TRY IT: Output the whole listing exactly, except for the pictures in it.

DATA EXCERPT:
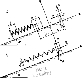 где vXi -сумма проекций па ось х сил, действующих иа груз D (рнс. 146, а): йд -веса, л/- нормальной реакции наклонной плоскости, Я -силы упругости пружины. Такилг образом. Здесь ШцХ = - Gn sin а - Р, Р--=с(х-[„о-1), где /сгд -статическая деформация пружины под действием груза D, £ -перемещение точки прикрепления нижнего конца пружины, происходящее по закону I = d sin/?/(rf = 0,02 м, p-lO с). ![]() Рис. 146 Статическую деформацию пружины найдем из уравнения, соответствую1цего состоянию покоя груза D на наклонной плоскости (рис. 146,6): т. е. откуда VX,--0; -G„sina + Po-О, - G,jsina-f-c-/ct/) = 0, /ciW = G/)Sina/c. Ди4х{)ере1Щпальиое уравнение движения груза D примет вид Шох = - Сл sin а - f (л - /„л - Н) или после преобразования; mnt-1-C.V = cd sin pt. Разделив все члены уравнения Fia /Лд и введя обозггачения cimr, = k-, cdirrin-h, приведем дифференциальное уравнение к следующему виду: x-]-k}x = h sm pt. Решение этого неоднородного уравнения складывается из общего решения х* соответствующего однородного уравнения и частного решения х** данного неоднородного уравнения: х = х* -\- X* *. Общее решение однород1юго уравнения имеет вид Л-* = Cj cos /г/ + Cj sin kt. Частное решение неоднородного уравнения x** = [hl{k-p)\mpt. ОбщнГ! интеграл jt = С, cos fe/ + Са sin fe/ + [/1/(2 - р2)] sm pt. Для определения постоянных интегрирования и найдем, кроме того, уравнение для х: Ji = - Cikswki + Ck cos kt + [hp/ik-p)] cos pt и используем начальные условия задачи. Рассматриваемое движение начинается в момент (/-=0), когда деформация пружины является статической деформацией под действием грузов D и Е. При принятом положении начала отсчета О начальная координата груза D равна Xa = - f„, причем Дг/: = Gp sin а .. = --статическая деформация пружины под действием груза t. Таким образом, при t = О •Vo = -/ст£. Хи = 0. Составим уравнения x = x{t) и x=x{t) для t = 0: х = С{, x = CJihpl(k-p), отк\да С, C, = -hplk{k-p"). Уравнение движения груза D имеет следующий вид: х = - /с.£ cos kt - [hp/k ik-p)] sin kt 4-[h/{k - p2)l sin pt, Найдем числовые значения входящих в уравнение величин: G.-sina 3.9,81.0,5 - -1ГТ0О- - «0245 м; h cd 600 0,02 r. к--р- m,(k-p) ~ 2 (300-100) -" hp 0,03-10 лт-7о T(Pt: = -7;з- = 0073м. Следовательно, уравнение движения груза D: х- -2,45co.s 17 3/- i,73sm 17,3/ + 3sin 10/ (см). Задание Д-i. Исследование относительного движения материальной точки Шарик М, рассматриваемый как материальная точка, перемещается по иил1И1дрическому каналу движуи1егося тела Л (рис. 147-149). Найти уравнение от{ЮС[ггельного движения этого шарика x==f{t), приняв за начало отсчета точку О. Тело А равномерно вращается вокруг неподвижной оси (в вариантах 2, 3, 4, 7, 10, 11, 14, 20, 23, 26 и 30 ось вращения вертикальна, в вариантах 1, 12, 15 и 25 ось враи1еи11я л, горизонтальна). В вариантах 5, 6, 8, 9, 13, 16, 17, 18, 19, 21, 22, 24, 27, 28 и 29 тело А двилсется поступательно, параллельно вертикальной плоскости IJiPZi. Найти также координату х и давление шарика на стенку канала при заданном значении t = x. Данные, нсобходи.мые для выполиспия задания, приведены в табл. 46. В задании приняты следующие обозначения: m - масса шарика М; со - постоянная угловая скорость тела А (в вариантах 1-4, 7, 10- 12, 14, 15, 20, 23, 25, 26, 30) или кривошипов ОВ и (в вариантах 6, 17, 22); с - коэффициент жесткости пружины, к которой прикреплен шарик М; /д - длина недеформироваииой пружины;/ -коэффициент трения скольжения шарика по стенке канала; Ло, Xq - начальная координата и проекция начальной скорости на ось .v. Пример выполнения задания (рис. 150). Даио: а = 30°, (л~лс i; /72 = 0,0] кг; т = 0,2с; лгц = 0,3 м; .vo = 2 м/с, с = 0,01 Н/см=1 Н/м; /о = 0,2 м; /- = 0,2 м Найти уравнение x = x{t) относительного движения шарика М, а также коорд
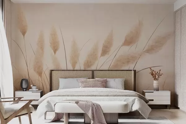 Fototapet Iarbă pampas moale, de culoare bej, în câmp Nr. w09324
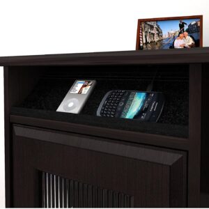 The Cabot L Shaped Desk with Hutch in Espresso Oak offers a spacious and efficient workplace for your home or office. Enjoy a beautiful traditional look with smart features for your convenience. The L Shaped Desk design provides a large durable work surface and just the right amount of storage to keep you feeling neat and organized. Desk storage details include an enclosed cabinet with stylish fluted glass door and a box drawer for supplies. A file drawer glides on smooth full-extension ball bearing slides and accommodates letter, legal or A4 sized files. Technology features such as a built-in 4-port USB hub add convenience while a soft tray in an open cubby can store electronic devices as you stay connected. The Hutch boasts a matching fluted glass door, two large open compartments and four work-in-process areas to help keep your Desk surface clutter free, along with a wire management system to control your cables. Quality construction meets ANSI/BIFMA test standards for safety and performance. A rich Espresso Oak finish accented by Chrome hardware provides a simple, elegant and timeless appearance. See the full collection for coordinating items available, all backed by the 1 Year Manufacturer’s Warranty. Accepts Cabot 60W Hutch (sold separately) on either side

SOLUTION FOR THIS EXERCISE:
 где vXi -сумма проекций па ось х сил, действующих иа груз D (рнс. 146, а): йд -веса, л/- нормальной реакции наклонной плоскости, Я -силы упругости пружины. Такилг образом. Здесь ШцХ = - Gn sin а - Р, Р--=с(х-[„о-1), где /сгд -статическая деформация пружины под действием груза D, £ -перемещение точки прикрепления нижнего конца пружины, происходящее по закону I = d sin/?/(rf = 0,02 м, p-lO с). ![]() Рис. 146 Статическую деформацию пружины найдем из уравнения, соответствую1цего состоянию покоя груза D на наклонной плоскости (рис. 146,6): т. е. откуда VX,--0; -G„sina + Po-О, - G,jsina-f-c-/ct/) = 0, /ciW = G/)Sina/c. Ди4х{)ере1Щпальиое уравнение движения груза D примет вид Шох = - Сл sin а - f (л - /„л - Н) или после преобразования; mnt-1-C.V = cd sin pt. Разделив все члены уравнения Fia /Лд и введя обозггачения cimr, = k-, cdirrin-h, приведем дифференциальное уравнение к следующему виду: x-]-k}x = h sm pt. Решение этого неоднородного уравнения складывается из общего решения х* соответствующего однородного уравнения и частного решения х** данного неоднородного уравнения: х = х* -\- X* *. Общее решение однород1юго уравнения имеет вид Л-* = Cj cos /г/ + Cj sin kt. Частное решение неоднородного уравнения x** = [hl{k-p)\mpt. ОбщнГ! интеграл jt = С, cos fe/ + Са sin fe/ + [/1/(2 - р2)] sm pt. Для определения постоянных интегрирования и найдем, кроме того, уравнение для х: Ji = - Cikswki + Ck cos kt + [hp/ik-p)] cos pt и используем начальные условия задачи. Рассматриваемое движение начинается в момент (/-=0), когда деформация пружины является статической деформацией под действием грузов D и Е. При принятом положении начала отсчета О начальная координата груза D равна Xa = - f„, причем Дг/: = Gp sin а .. = --статическая деформация пружины под действием груза t. Таким образом, при t = О •Vo = -/ст£. Хи = 0. Составим уравнения x = x{t) и x=x{t) для t = 0: х = С{, x = CJihpl(k-p), отк\да С, C, = -hplk{k-p"). Уравнение движения груза D имеет следующий вид: х = - /с.£ cos kt - [hp/k ik-p)] sin kt 4-[h/{k - p2)l sin pt, Найдем числовые значения входящих в уравнение величин: G.-sina 3.9,81.0,5 - -1ГТ0О- - «0245 м; h cd 600 0,02 r. к--р- m,(k-p) ~ 2 (300-100) -" hp 0,03-10 лт-7о T(Pt: = -7;з- = 0073м. Следовательно, уравнение движения груза D: х- -2,45co.s 17 3/- i,73sm 17,3/ + 3sin 10/ (см). Задание Д-i. Исследование относительного движения материальной точки Шарик М, рассматриваемый как материальная точка, перемещается по иил1И1дрическому каналу движуи1егося тела Л (рис. 147-149). Найти уравнение от{ЮС[ггельного движения этого шарика x==f{t), приняв за начало отсчета точку О. Тело А равномерно вращается вокруг неподвижной оси (в вариантах 2, 3, 4, 7, 10, 11, 14, 20, 23, 26 и 30 ось вращения вертикальна, в вариантах 1, 12, 15 и 25 ось враи1еи11я л, горизонтальна). В вариантах 5, 6, 8, 9, 13, 16, 17, 18, 19, 21, 22, 24, 27, 28 и 29 тело А двилсется поступательно, параллельно вертикальной плоскости IJiPZi. Найти также координату х и давление шарика на стенку канала при заданном значении t = x. Данные, нсобходи.мые для выполиспия задания, приведены в табл. 46. В задании приняты следующие обозначения: m - масса шарика М; со - постоянная угловая скорость тела А (в вариантах 1-4, 7, 10- 12, 14, 15, 20, 23, 25, 26, 30) или кривошипов ОВ и (в вариантах 6, 17, 22); с - коэффициент жесткости пружины, к которой прикреплен шарик М; /д - длина недеформироваииой пружины;/ -коэффициент трения скольжения шарика по стенке канала; Ло, Xq - начальная координата и проекция начальной скорости на ось .v. Пример выполнения задания (рис. 150). Даио: а = 30°, (л~лс i; /72 = 0,0] кг; т = 0,2с; лгц = 0,3 м; .vo = 2 м/с, с = 0,01 Н/см=1 Н/м; /о = 0,2 м; /- = 0,2 м Найти уравнение x = x{t) относительного движения шарика М, а также коорд
 Fototapet Iarbă pampas moale, de culoare bej, în câmp Nr. w09324
 The Cabot L Shaped Desk with Hutch in Espresso Oak offers a spacious and efficient workplace for your home or office. Enjoy a beautiful traditional look with smart features for your convenience. The L Shaped Desk design provides a large durable work surface and just the right amount of storage to keep you feeling neat and organized. Desk storage details include an enclosed cabinet with stylish fluted glass door and a box drawer for supplies. A file drawer glides on smooth full-extension ball bearing slides and accommodates letter, legal or A4 sized files. Technology features such as a built-in 4-port USB hub add convenience while a soft tray in an open cubby can store electronic devices as you stay connected. The Hutch boasts a matching fluted glass door, two large open compartments and four work-in-process areas to help keep your Desk surface clutter free, along with a wire management system to control your cables. Quality construction meets ANSI/BIFMA test standards for safety and performance. A rich Espresso Oak finish accented by Chrome hardware provides a simple, elegant and timeless appearance. See the full collection for coordinating items available, all backed by the 1 Year Manufacturer’s Warranty. Accepts Cabot 60W Hutch (sold separately) on either side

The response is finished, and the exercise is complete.